数据集使用的是kaggle上的数据集:200 Bird Species
这个数据集包含了200种鸟类,每一类训练集包含100多张图片,验证集和测试集均包含五张图片,每张图片的大小为224x224
3.1 导入相应的库
from tensorflow.keras.preprocessing.image import ImageDataGenerator
from tensorflow.keras import layers, models, Model, Sequential
import matplotlib.pyplot as plt
from tensorflow.keras.callbacks import ReduceLROnPlateau,EarlyStopping
import tensorflow as tf
import os
3.2 设置
图片的宽和高都设置为299(Xception默认图片输入大小为299x299),batch_size设置为128,总共训练10个epoch,还有设置训练集,验证集,测试集路径
im_height = 299
im_width = 299
batch_size = 128
epochs = 10
image_path = "./data/100-bird-species/"
train_dir = image_path + "train"
validation_dir = image_path + "valid"
test_dir = image_path + "test"
3.3 数据预处理
对训练集图片做数据增强,验证集和测试集只做归一化处理
# data generator with data augmentation
train_image_generator = ImageDataGenerator( rescale=1./255,
rotation_range=40,
width_shift_range=0.2,
height_shift_range=0.2,
zoom_range=0.2,
horizontal_flip=True,
fill_mode='nearest')
validation_image_generator = ImageDataGenerator(rescale=1./255)
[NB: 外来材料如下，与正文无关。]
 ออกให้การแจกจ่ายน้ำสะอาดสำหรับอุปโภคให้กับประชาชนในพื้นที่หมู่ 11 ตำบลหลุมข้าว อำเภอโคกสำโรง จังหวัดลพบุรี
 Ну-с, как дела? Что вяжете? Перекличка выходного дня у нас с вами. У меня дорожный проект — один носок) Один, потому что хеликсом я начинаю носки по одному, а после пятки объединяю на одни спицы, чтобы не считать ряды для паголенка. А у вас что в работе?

test_image_generator = ImageDataGenerator(rescale=1./255)
3.4 生成数据
将训练集数据打乱,训练集和验证集数据不打乱,均采用one-hot编码模式
train_data_gen = train_image_generator.flow_from_directory(directory=train_dir,
batch_size=batch_size,
shuffle=True,
target_size=(im_height, im_width),
class_mode='categorical')
total_train = train_data_gen.n
val_data_gen = validation_image_generator.flow_from_directory(directory=validation_dir,
batch_size=batch_size,
shuffle=False,
target_size=(im_height, im_width),
class_mode='categorical')
total_val = val_data_gen.n
test_data_gen = test_image_generator.flow_from_directory( directory=test_dir,
target_size=(im_height, im_width))
total_test = test_data_gen.n
3.5 构建模型
这里使用的是tensorflow内置的Xception模型,然后将预训练模型的前100层冻结,训练后32层,加入全局平均池化层和输出层
Xception预训练模型下载:网址
covn_base = tf.keras.applications.xception.Xception(weights='imagenet',include_top=False)
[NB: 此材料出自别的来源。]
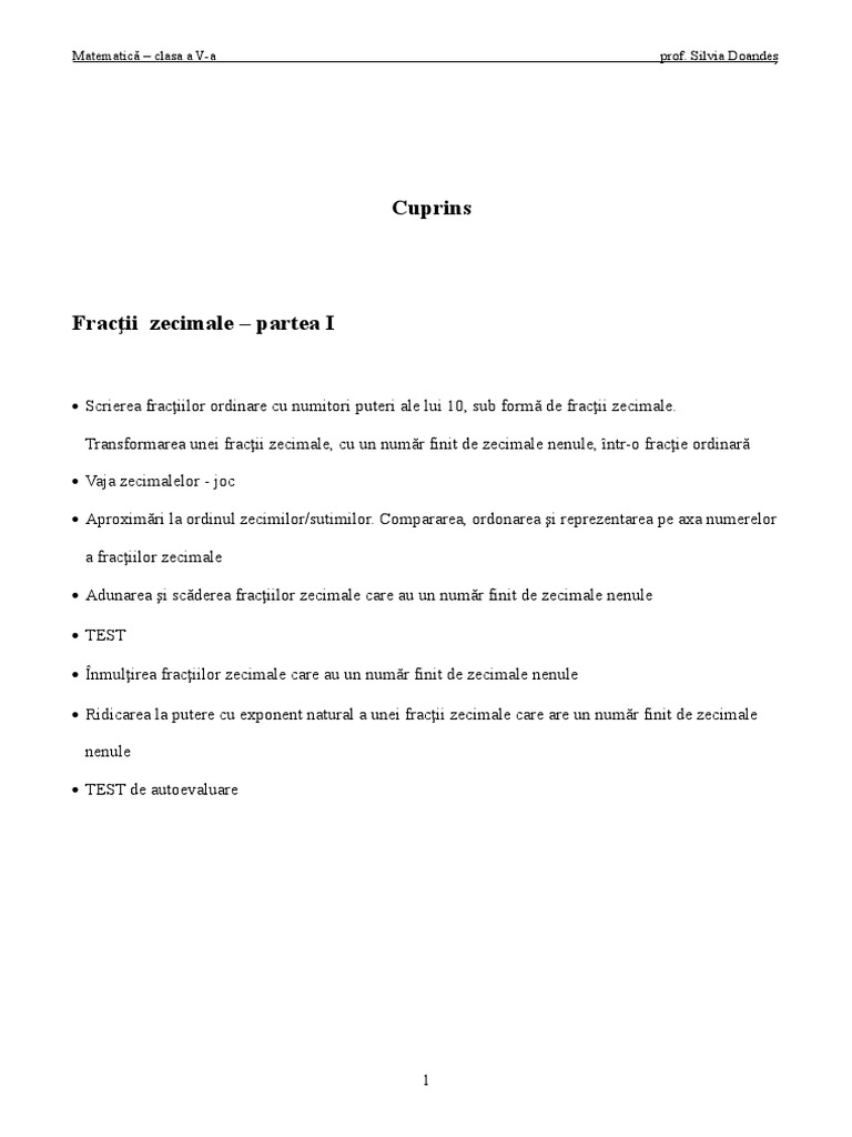 Fișă De Lucru Clasa A V A Fractii Zecimale

covn_base.trainable = True
for layers in covn_base.layers[:-32]:
layers.trainable = False
model = tf.keras.Sequential()
model.add(covn_base)
model.add(tf.keras.layers.GlobalAveragePooling2D())
model.add(tf.keras.layers.Dense(200))
model.summary()
可以看出,Xception模型总共有21,271,280个参数,然而我们只需要训练9,888,144个参数即可
_________________________________________________________________
Layer (type) Output Shape Param #
=================================================================
xception (Model) (None, None, None, 2048) 20861480
_________________________________________________________________
global_average_pooling2d (Gl (None, 2048) 0
_________________________________________________________________
dense (Dense) (None, 200) 409800
=================================================================
Total params: 21,271,280
Trainable params: 9,888,144
Non-trainable params: 11,383,136
_________________________________________________________________
3.6 编译模型
选用的是adam优化器,初始学习率设置为0.0001,损失函数为交叉熵损失函数,因为构建模型的时候最后一层没有用softmax激活,所以from_logits设置为True
model.compile(optimizer=tf.keras.optimizers.Adam(learning_rate=0.0001),
loss=tf.keras.losses.CategoricalCrossentropy(from_logits=True),
metrics=["accuracy"])
3.7 开始训练
Early_sp:监视’val_accuracy’的变化,如果连续五个轮次不变,停止训练
reduce_lr:监视’val_loss’的变化,如果两个轮次不变学习率衰减为原来 的1/10
Early_sp = EarlyStopping(monitor = 'val_accuracy', patience = 5,restore_best_weights = True)
reduce_lr = ReduceLROnPlateau(monitor='val_loss', factor=0.1, patience=2, verbose=1)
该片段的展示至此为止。